Воспоминания
Эвакуация и бегство
Ленинградская блокада

Видео

Баруля Соня

Barulya1

Родилась в Москве в 1930 году. Радиоинженер. Жила и работала в Ленинграде, откуда репатриировалась в 1990 году. Живет в Иерусалиме.

Председатель Союза ленинградских блокадников в Израиле.

Воспоминания ленинградских детей-блокадников

Подготовила Соня Баруля

ДЕТИ СРАЗУ СТАЛИ ВЗРОСЛЫМИ

30 мая 1941 года мне отметили день рождения. А через 22 дня началась война. Вскоре учеников младших классов эвакуировали без родителей в город Боровичи. Это была моя первая эвакуация. В Боровичах нас привезли в колхоз, где по утрам выгоняли пропалывать лён. Кормили какой-то похлебкой. Мы были баловнями своих родителей и не приспособлены к тяжёлой работе. Я всё время плакала и писала маме письма, где просила: «Дорогая мамочка, если ты меня не заберёшь отсюда, то ты больше меня никогда не увидишь». Такие же письма своей маме писала моя подруга.
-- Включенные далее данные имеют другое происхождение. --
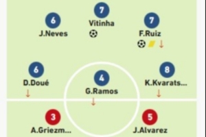 队报评分巴黎4-0马竞:克瓦拉8分全场最高 马竞中卫组合均2分最低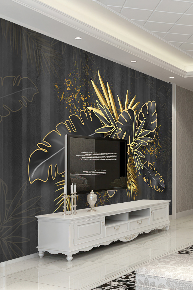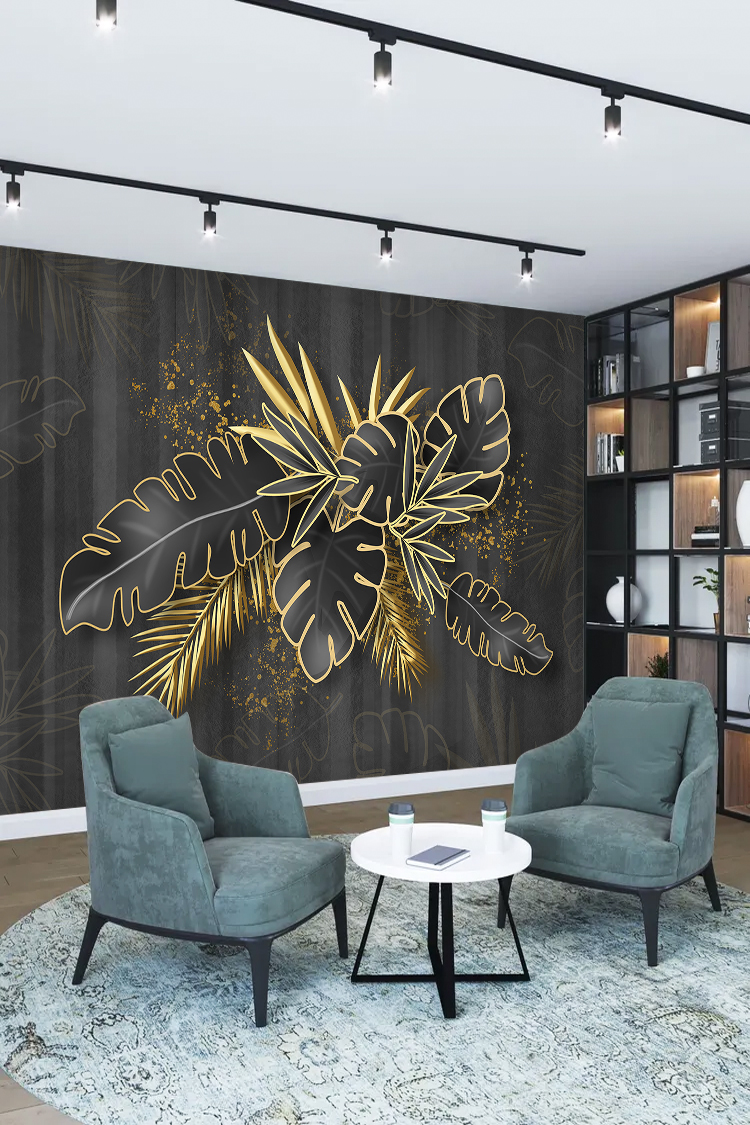 Siyah Zemin ve Altın Tropikal Yapraklarla Modern Duvar Kağıdı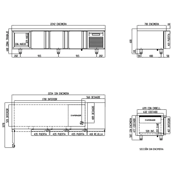 Koelwerkbank | 700 RANGE | Laag Model | 359L | 4 Deuren (1/1 GN) | -2°C/+8°C | Geforceerd | Temperatuuralarm | 2245x700x600(h)mm
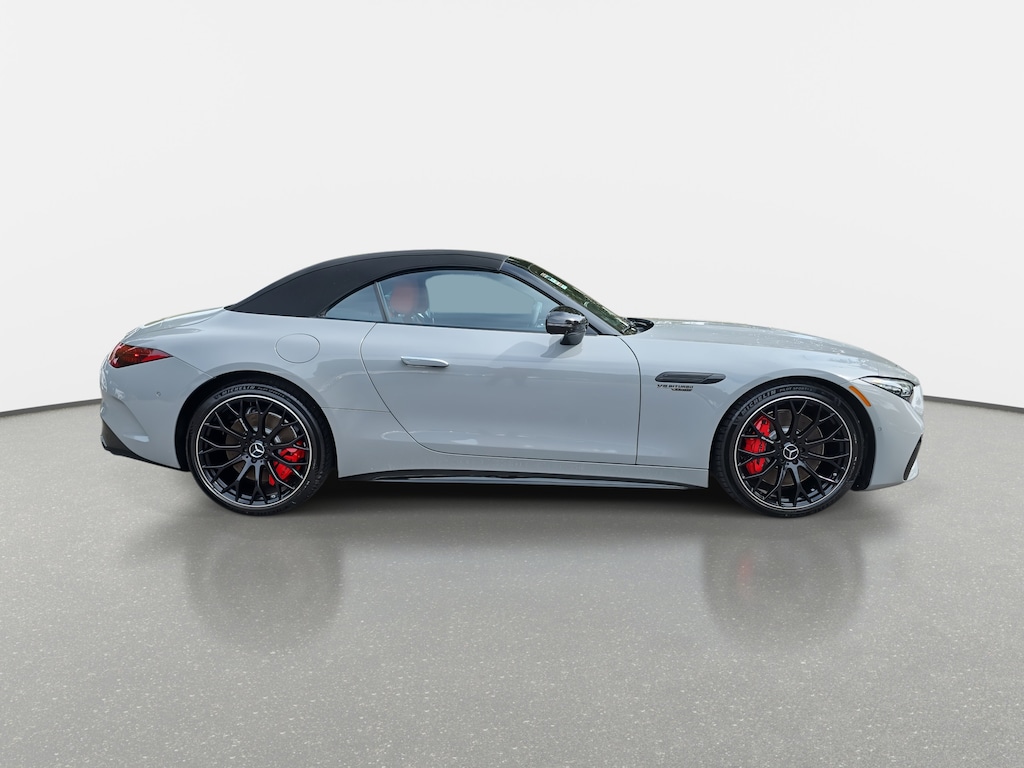Certified. Gray 2024 Mercedes-Benz SL-Class SL 55 AMG® 4MATIC® 4.0L V8 Red Pepper/Black w/Nappa Leather Upholstery, 11 Speakers, 4-Wheel Disc Brakes, ABS brakes, Adaptive suspension, Air Conditioning, Alloy wheels, AMG® Night Package Plus, Android Auto®, Apple CarPlay®, Apple CarPlay®/Android Auto®, Auto High-beam Headlights, Auto tilt-away steering wheel, Auto-dimming door mirrors, Auto-dimming Rear-View mirror, Automatic temperature control, Black Headliner, Black SoftTop, Brake assist, Bumpers: body-color, Burmester® Surround Sound System, Child-Seat-Sensing Airbag, Convertible roof lining, Convertible roof wind blocker, Delay-off headlights, Driver door bin, Driver vanity mirror, Dual front impact airbags, Dual front side impact airbags, Electronic Stability Control, Emergency communication system, Exterior Parking Camera Rear, Four wheel independent suspension, Front anti-roll bar, Front Bucket Seats, Front Center Armrest, Front dual zone A/C, Front reading lights, Garage door transmitter: HomeLink, Glass rear window, Heated front seats, Heated steering wheel, High Performance Tires, Illuminated entry, Integrated roll-over protection, Knee airbag, Leather steering wheel, Low tire pressure warning, Memory seat, Nappa Leather Upholstery, Occupant sensing airbag, Outside temperature display, Overhead airbag, Overhead console, Panic alarm, Passenger door bin, Passenger vanity mirror, Power adjustable front head restraints, Power convertible roof, Power door mirrors, Power driver seat, Power Front Seats w/3-Position Memory, Power passenger seat, Power steering, Power windows, Radio data system, Radio: MBUX Infotainment & Navigation System, Rain sensing wipers, Rear anti-roll bar, Rear fog lights, Rear window defroster, Remote keyless entry, Security system, SiriusXM Radio, Smartphone Integration, Speed control, Speed-sensing steering, Spoiler, Sport steering wheel, Steering wheel memory, Steering wheel mounted audio controls, Tachometer, Telescoping steering wheel, Tilt steering wheel, Touring Trim Line, Traction control, Trip computer, Turn signal indicator mirrors, Variably intermittent wipers, Ventilated front seats, Wheels: 21" AMG® 10-Spoke Y-Design, Black.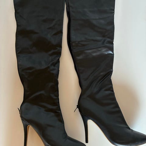 Overknee støvler i sort ruskind.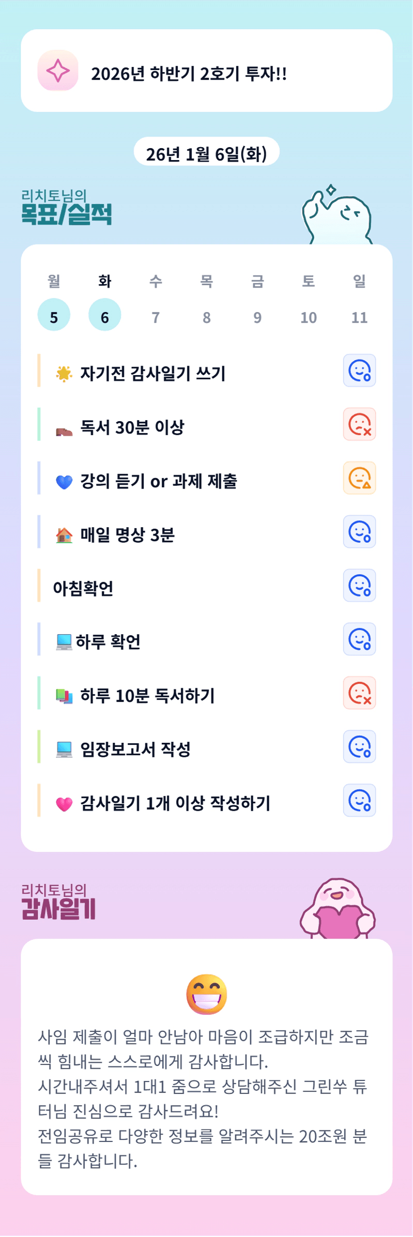 리치토님 이번 한 달 지투 실전 화이팅입니다. 26년 2호기도 화이팅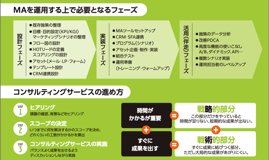 Account Engagementの導入や活用のコンサルティングサービスを提供しています。また、運用代行や貴社内での定着をサポートする伴走サービス、貴社マーケティング状況の深度を測るアセスメントサービス、研修サービスを提供しています。####デジタルマーケティングに取り組みたい、導入したが活用しきれていない、もっと成果を出す方法はないのか?といった課題をお持ちのお客様、ぜひ当社までお気軽にご相談ください。####みらいマーケティングではお客様と共に輝かしい“みらい”を創造することをお約束します。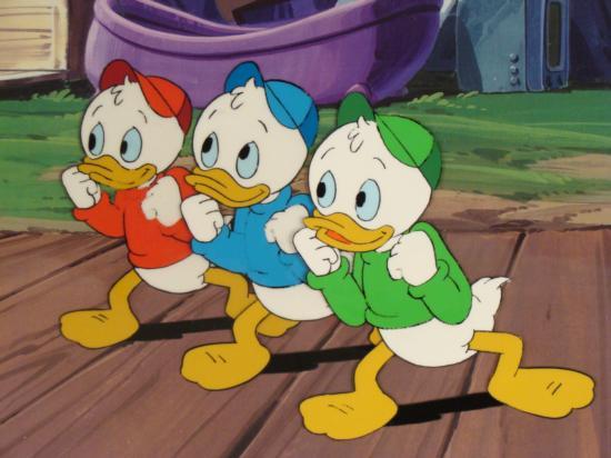 Walt Disney's DuckTales was the first daily animated cartoon show to air weekdays on the Disney Afternoon. DuckTales debuted in 1988. The 1988 - 1989 season consisted of 65 episodes. The next season (1989 - 1990) included an additional 35 episodes, totaling 100. DuckTales is an extremely unique and original cartoon. Episodes such as "Sweet Duck of Youth," "Dr Jekyll and Mr. McDuck," "The Golden Fleecing" and many more play off of legends, literature, and actual historic events. Disney's DuckTales also uses clever "duck" names for characters, as well as creatively used puns to add life to this excellent show. In this cel, it seems that Huey, Dewey, Louie are ready for a fight. Production cel: A hand-painted animation cel that was actually used to create one frame of an animated scene that appeared in a cartoon. Original Production Cel Art with Background Copy Overall Size of the Cel: 10 1/2 × 12 1/2" Overall Size of Background Copy: 10" x 14" © Disney Excellent Condition Traditional animation is a multi-step process which includes various types of art techniques. Drawings are a key part of the process, in which the animator creates the design and movement of the characters. Drawings are then transferred onto acetate cels (by hand-inking and/or photo copying) to create a production cel, which is then hand-painted on the back side, using paint colors chosen and approved by the creators of the series. The background and cel are ready to trimmed, matted, and framed. The animator's notations are shown at the top and bottom of the background and the bottom of the cels. This cel has multi-layers; first is Louie, then Dewey, and finally Huey. The Disney stamp is shown at the top of the background.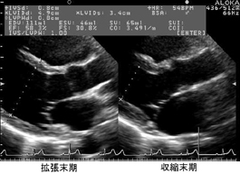 左心房の拡大を認める場合などでは、心尖部四腔断面で長径短径を直接計測する。左心房の拡大は左房圧を反映する事が多いので正確な把握が重要である。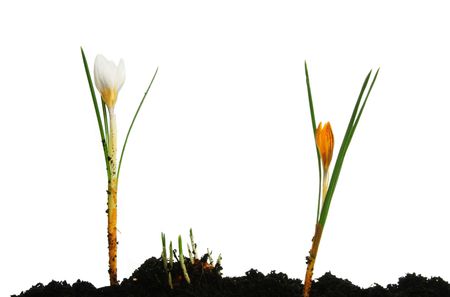 Beautiful saffron crocus flowers on a white background.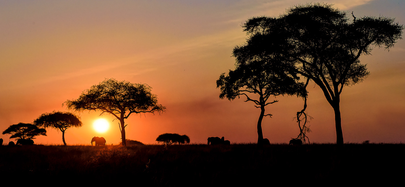 As the sun sets over Tarangire National Park, elephants travel to their evening grounds.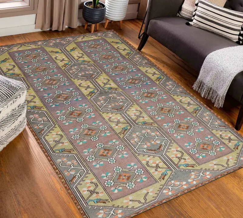 幾何学的なボーダーのヴィンテージ グリーン花柄プリント ラグ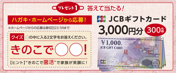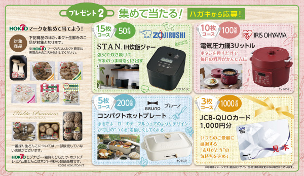 クイズに答えて当たるコースでは、JCBギフトカード3,000円分が300名様に。また、ホクトのきのこのパッケージに付いているHOKTOマークを必要枚数分集めて応募するコースでは、「象印 STAN.IH炊飯ジャー」が50名様に。「アイリスオーヤマ 電気圧力鍋3リットル」が100名様に。「BRUNO コンパクトホットプレート」が200名様に。「JCB-QUOカード1,000円分」が1,000名様に当たります。

И наши мамы приехали за нами. Это был героический поступок, так как дороги уже подвергались бомбёжкам, и добираться пришлось попутным транспортом.

В эти дни в направлении Ленинграда проходили поезда с солдатами в вагонахтеплушках. Мы добирались, под непрерывными бомбёжками, иногда прятались под стоящими теплушками. Так, на станции Акуловка была очень сильная бомбёжка. Бомбы попали прямо в поезд. После бомбёжки проходящий поезд нас всё-таки подобрал, и мы приехали в Ленинград. Вот так мы увидели войну ещё до блокады.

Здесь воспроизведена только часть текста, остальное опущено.